== Segment start ==
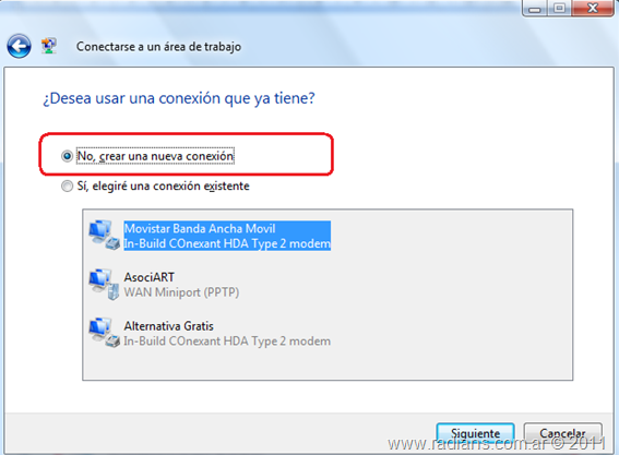 4. Si el wizard de configuración llegara a preguntar Desea usar una conexión que ya tiene?, debe seleccionamos No, crear una nueva conexión.
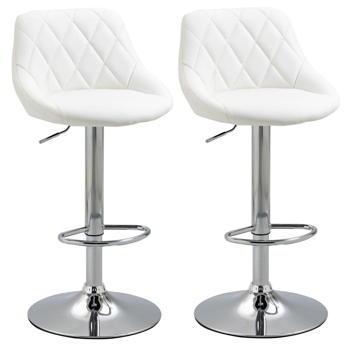 Estos taburetes modelo Shangai de Homcom son una excelente elección para complementar tu mesa alta, mueble bar o mostrador. Diseñados con un respaldo curvado, sin brazos y con la capacidad de girar, estos taburetes proporcionan una experiencia de sentado ergonómica que permite libertad de movimiento. El asiento está completamente acolchado, garantizando una comodidad superior, y cuenta con un diseño elegante en forma de diamantes realizado mediante costuras. La base metálica redonda y pesada proporciona una estabilidad y resistencia sobresalientes, haciendo que los taburetes sean seguros y duraderos. Además, la altura del asiento es ajustable entre 60 y 81 cm, lo que permite adaptarlos a diferentes tipos de mesas. El reposapiés integrado ofrece un soporte adicional para las piernas, incrementando la comodidad. Para proteger tu suelo, las bases están equipadas con almohadillas de caucho antideslizantes. Este pack de dos taburetes requiere montaje, pero las instrucciones son claras y fáciles de seguir, asegurando un proceso de montaje sencillo y rápido.
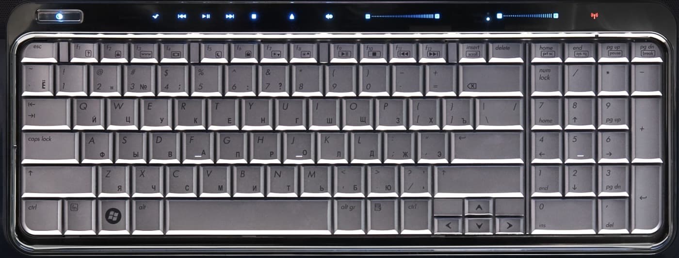 В целом, блок мультимедийных клавиш аналогичен блоку на модели 3500, которую мы рассматривали раньше, с одним отличием: тут есть вторая шкала, которая регулирует уровень басов и высоких частот. Напомню, в панели над клавиатурой находятся сенсорные клавиши, управляющие функциями мультимедиа-плеера, позволяющие отрегулировать или отключить звук, включить и выключить беспроводные сети ноутбука, а также вызвать фирменное приложение MediaSmart.
== Segment end ==
The lines running from the one with "Estos taburetes modelo" to the close of the material above are to be retyped exactly; no picture is to be included.

 Estos taburetes modelo Shangai de Homcom son una excelente elección para complementar tu mesa alta, mueble bar o mostrador. Diseñados con un respaldo curvado, sin brazos y con la capacidad de girar, estos taburetes proporcionan una experiencia de sentado ergonómica que permite libertad de movimiento. El asiento está completamente acolchado, garantizando una comodidad superior, y cuenta con un diseño elegante en forma de diamantes realizado mediante costuras. La base metálica redonda y pesada proporciona una estabilidad y resistencia sobresalientes, haciendo que los taburetes sean seguros y duraderos. Además, la altura del asiento es ajustable entre 60 y 81 cm, lo que permite adaptarlos a diferentes tipos de mesas. El reposapiés integrado ofrece un soporte adicional para las piernas, incrementando la comodidad. Para proteger tu suelo, las bases están equipadas con almohadillas de caucho antideslizantes. Este pack de dos taburetes requiere montaje, pero las instrucciones son claras y fáciles de seguir, asegurando un proceso de montaje sencillo y rápido.
 В целом, блок мультимедийных клавиш аналогичен блоку на модели 3500, которую мы рассматривали раньше, с одним отличием: тут есть вторая шкала, которая регулирует уровень басов и высоких частот. Напомню, в панели над клавиатурой находятся сенсорные клавиши, управляющие функциями мультимедиа-плеера, позволяющие отрегулировать или отключить звук, включить и выключить беспроводные сети ноутбука, а также вызвать фирменное приложение MediaSmart.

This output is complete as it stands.